> **Required work**:
All of the data must be output exactly, with every picture left out.

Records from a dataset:
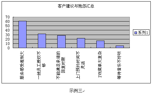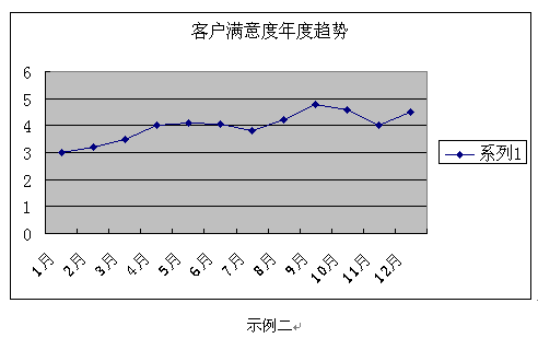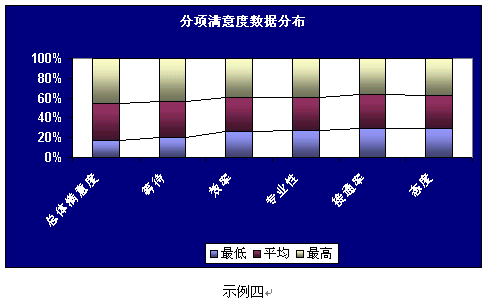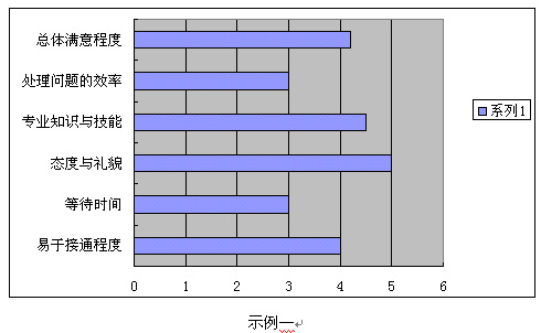 客戶滿意度調(diào)查的數(shù)據(jù)及分析結(jié)果應(yīng)該以一種易讀易解的方式呈現(xiàn)。圖表的形式總是比單純、枯燥的EXCEL表格和長篇大論更容易被人理解并留下深刻印象。常用的圖表形式示例如下:
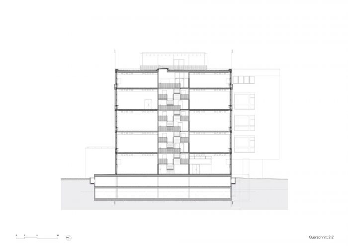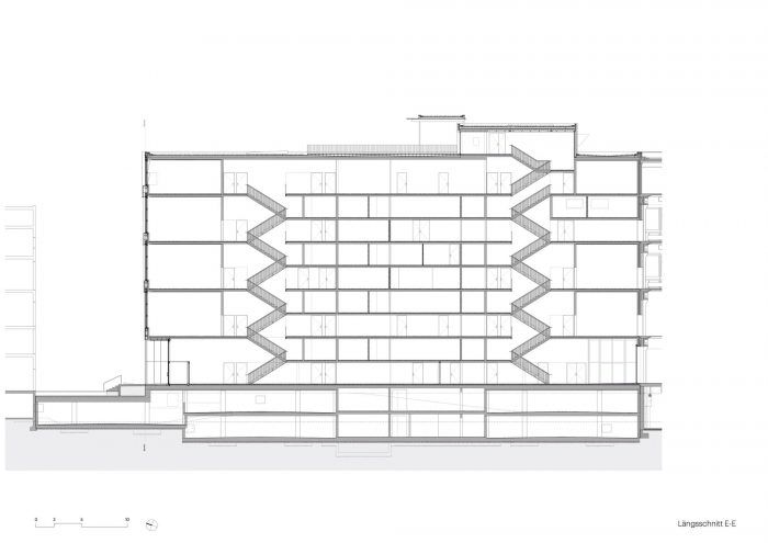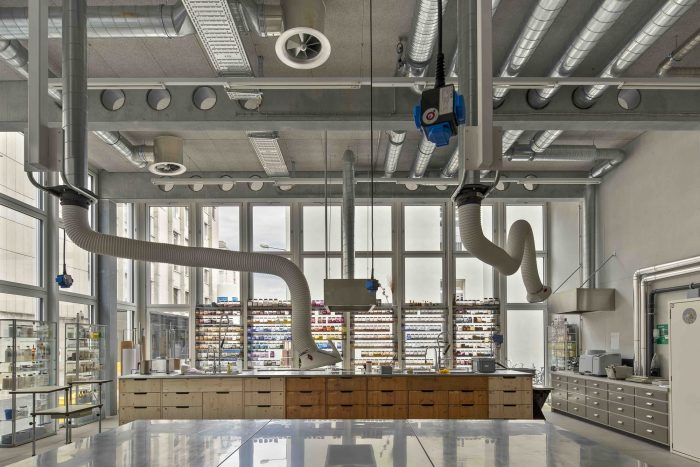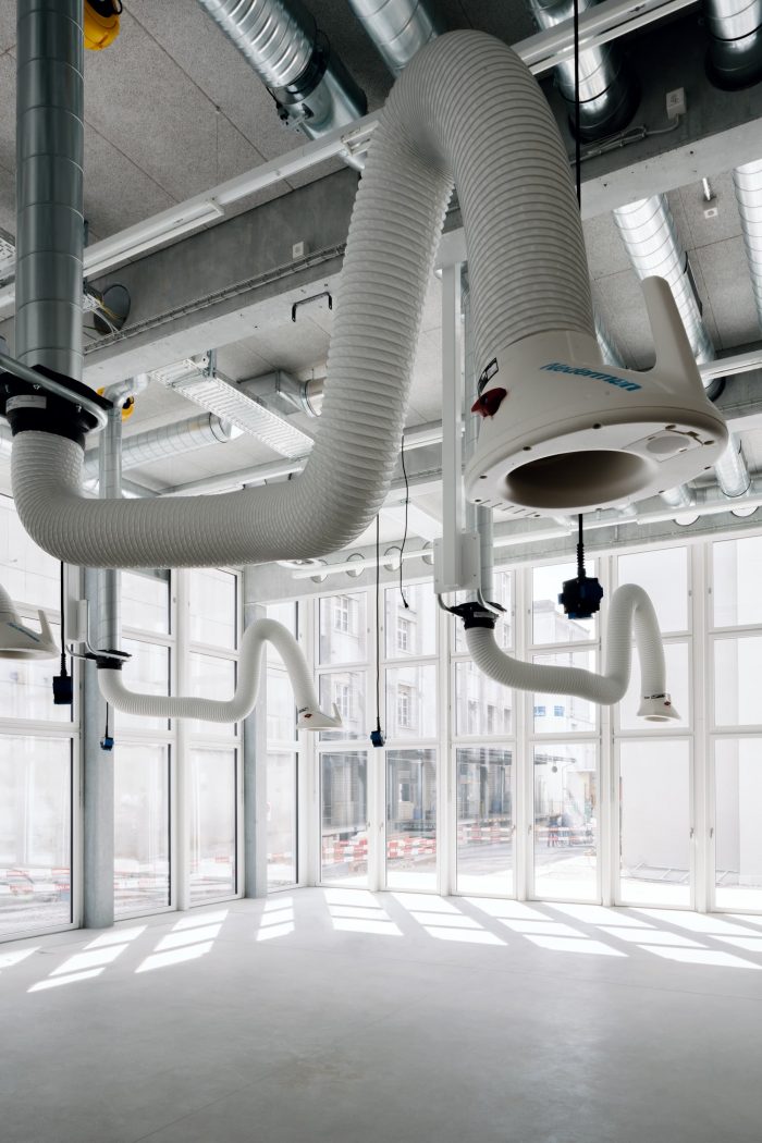 The building consists of various teaching facilities and multiple workshops ranging from fully equipped woodwork, steel work and printing ateliers to studios for design and manufacturing of jewellery as well as hi-tech facilities for computer aided manufacturing, common spaces and a publicly accessible room that houses one of the Switzerland’s largest collection of natural and synthetic pigments. The proposal for the Arts and Design Department Building for the University of Applied Sciences Lucerne, illustrates our approach to working in close collaboration with representatives of the University’s various chairs, in order to ensure that their individual spatial requirements are met and exceeded, toward successful, inspiring and innovative teaching environments.
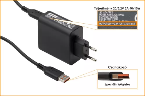 Lenovo Miix 2 11', Yoga 3 Pro 20V/5.2V 2A 40W gyári új töltő (36200567)
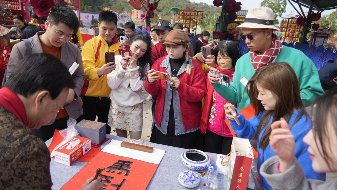 “带着孩子来逛观音山,恰巧遇上挥春送福活动,拿到书法家手写的福字贴,墨香十足,把‘福’带回家特别有意义。”现场一位游客一边晾晒福字贴,一边笑着说。东莞本地游客陈先生则表示,手写春联比印刷品更有年味,“把这副春联贴在家门口,年的味道就真的来了”。闺蜜组团、情侣牵手、全家同行,现场各式各样的身影汇聚成热闹的新春图景,福山之上,墨香与年味交织,暖意融融。
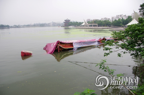 温州网5月15日讯(记者王建平) 5月14日上午10点钟左右,停放于会昌河龙舟基地的目前温州唯一的一艘水上台阁突然进水沉没。
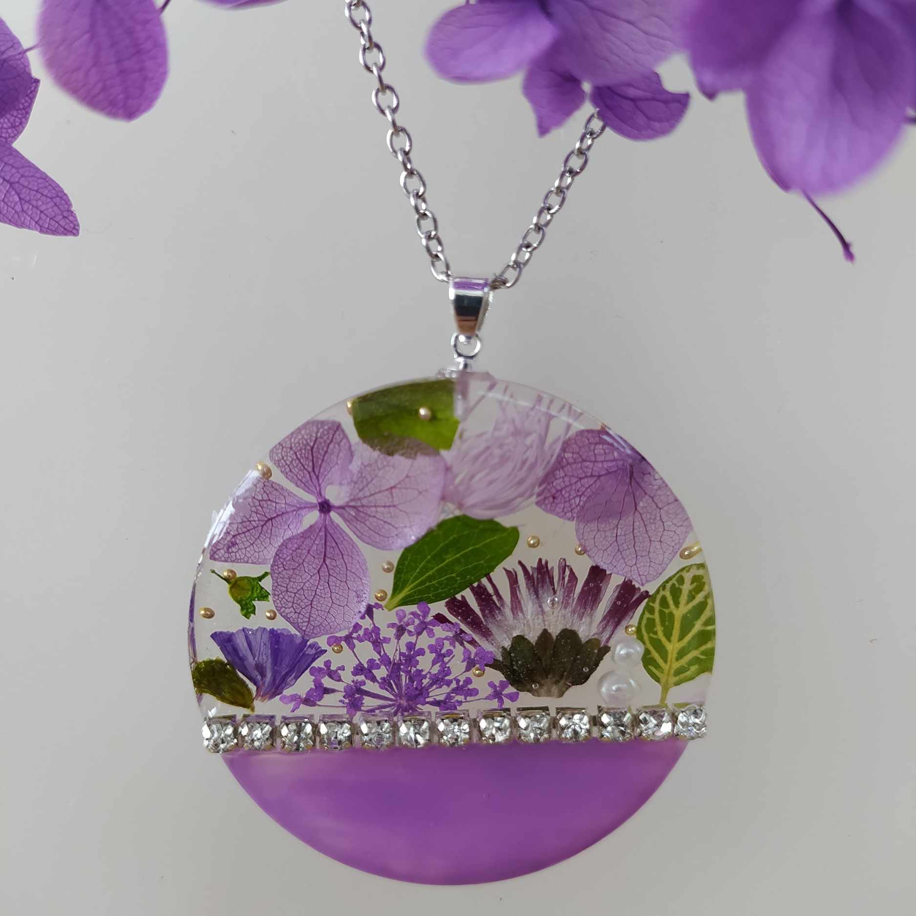 Fialová hortenzie, sedmikráska a další květy s perličkami a fialovou částí, oddělenou štrasovými kamínky. Průměr přívěsku 4,5 cm, řetízek chirurgická ocel, délka 45 cm. Jinou délku řetízku (40,50,60 cm) uveďte v poznámce na konci objednávky.
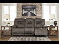 Description · This set with Easy View™ power adjustable headrests delivers comfort at the touch of a button. Easily position the recliner, its headrest and lumbar support to your liking for maximum comfort. Plus, with the convenient USB charging ports, cell phones or laptops can be charged without having to get up. The feel of heavy weight leather surrounds you via the cushioned seat, interior bustled back cushioning and pillow top armrest, while faux leather is on the back and sides for affordability. The cloud effect seen in the smoke-colored upholstery creates a rustic look—perfect for your
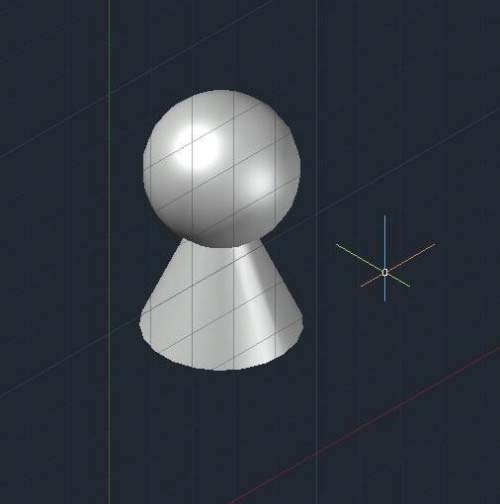 在繪制一個圓,圓心和圓錐頂點重合。這時候圓錐和圓是連個物體,我們使用并集命令將他們合并為1個。
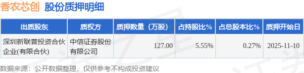 证券之星消息,香农芯创(300475)11月11日公开信息显示,股东深圳新联普投资合伙企业(有限合伙)向中信证券股份有限公司合计质押127.0万股,占总股本0.27%。质押详情见下表:
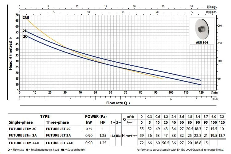 De Pedrollo Future JETm 2C is met een aanzuigdiepte van 9 meter zeer geschikt om op grote diepte water aan te zuigen. De pomp heeft een maximale pompcapaciteit van 6.600 liter per uur en een maximale opvoerhoogte van 32 meter (3,2 bar). De Pedrollo Future JETm 2A is een 230V pomp met een vermogen van 0,75 kW en wordt standaard geleverd met aansluitkabel/stroomkabel.
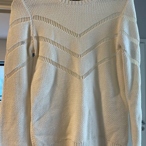 2NDDAY Genser i størrelse M for kvinner, laget av bomull. Genseren har hvit farge med sorte striper, og er designet med glidelås i halsen.
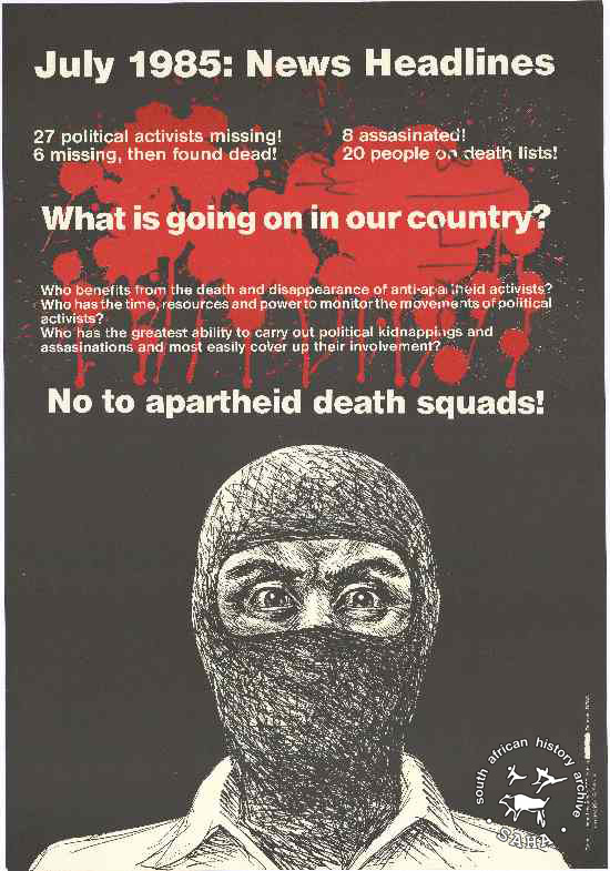July 1985: News Headlines : What is going on in our country? : No to apartheid death squads! |
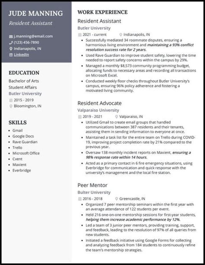 Being an RA could add a boost to your resume. Think of all the skills an RA learns: crisis-management, written and verbal communication, leadership skills, and more. These are all qualities you can effectively leverage in a job interview.
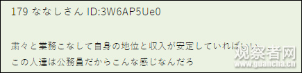 认真工作,自己的地位和收入稳定就可以了。这些公务员大概是这样想的吧。
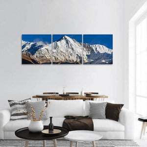 This panoramic canvas wall art captures the majestic snowy peaks of Cho Oyu in Nepal against a clear blue sky. Its serene and vast landscape invites a calming presence into any room.

> **Expected output**:
 客戶滿意度調(diào)查的數(shù)據(jù)及分析結(jié)果應(yīng)該以一種易讀易解的方式呈現(xiàn)。圖表的形式總是比單純、枯燥的EXCEL表格和長篇大論更容易被人理解并留下深刻印象。常用的圖表形式示例如下:
 The building consists of various teaching facilities and multiple workshops ranging from fully equipped woodwork, steel work and printing ateliers to studios for design and manufacturing of jewellery as well as hi-tech facilities for computer aided manufacturing, common spaces and a publicly accessible room that houses one of the Switzerland’s largest collection of natural and synthetic pigments. The proposal for the Arts and Design Department Building for the University of Applied Sciences Lucerne, illustrates our approach to working in close collaboration with representatives of the University’s various chairs, in order to ensure that their individual spatial requirements are met and exceeded, toward successful, inspiring and innovative teaching environments.
 Lenovo Miix 2 11', Yoga 3 Pro 20V/5.2V 2A 40W gyári új töltő (36200567)
 “带着孩子来逛观音山,恰巧遇上挥春送福活动,拿到书法家手写的福字贴,墨香十足,把‘福’带回家特别有意义。”现场一位游客一边晾晒福字贴,一边笑着说。东莞本地游客陈先生则表示,手写春联比印刷品更有年味,“把这副春联贴在家门口,年的味道就真的来了”。闺蜜组团、情侣牵手、全家同行,现场各式各样的身影汇聚成热闹的新春图景,福山之上,墨香与年味交织,暖意融融。
 温州网5月15日讯(记者王建平) 5月14日上午10点钟左右,停放于会昌河龙舟基地的目前温州唯一的一艘水上台阁突然进水沉没。
 Fialová hortenzie, sedmikráska a další květy s perličkami a fialovou částí, oddělenou štrasovými kamínky. Průměr přívěsku 4,5 cm, řetízek chirurgická ocel, délka 45 cm. Jinou délku řetízku (40,50,60 cm) uveďte v poznámce na konci objednávky.
 Description · This set with Easy View™ power adjustable headrests delivers comfort at the touch of a button. Easily position the recliner, its headrest and lumbar support to your liking for maximum comfort. Plus, with the convenient USB charging ports, cell phones or laptops can be charged without having to get up. The feel of heavy weight leather surrounds you via the cushioned seat, interior bustled back cushioning and pillow top armrest, while faux leather is on the back and sides for affordability. The cloud effect seen in the smoke-colored upholstery creates a rustic look—perfect for your
 在繪制一個圓,圓心和圓錐頂點重合。這時候圓錐和圓是連個物體,我們使用并集命令將他們合并為1個。
 证券之星消息,香农芯创(300475)11月11日公开信息显示,股东深圳新联普投资合伙企业(有限合伙)向中信证券股份有限公司合计质押127.0万股,占总股本0.27%。质押详情见下表:
 De Pedrollo Future JETm 2C is met een aanzuigdiepte van 9 meter zeer geschikt om op grote diepte water aan te zuigen. De pomp heeft een maximale pompcapaciteit van 6.600 liter per uur en een maximale opvoerhoogte van 32 meter (3,2 bar). De Pedrollo Future JETm 2A is een 230V pomp met een vermogen van 0,75 kW en wordt standaard geleverd met aansluitkabel/stroomkabel.
 2NDDAY Genser i størrelse M for kvinner, laget av bomull. Genseren har hvit farge med sorte striper, og er designet med glidelås i halsen.
July 1985: News Headlines : What is going on in our country? : No to apartheid death squads! |
 Being an RA could add a boost to your resume. Think of all the skills an RA learns: crisis-management, written and verbal communication, leadership skills, and more. These are all qualities you can effectively leverage in a job interview.
 认真工作,自己的地位和收入稳定就可以了。这些公务员大概是这样想的吧。
 This panoramic canvas wall art captures the majestic snowy peaks of Cho Oyu in Nepal against a clear blue sky. Its serene and vast landscape invites a calming presence into any room.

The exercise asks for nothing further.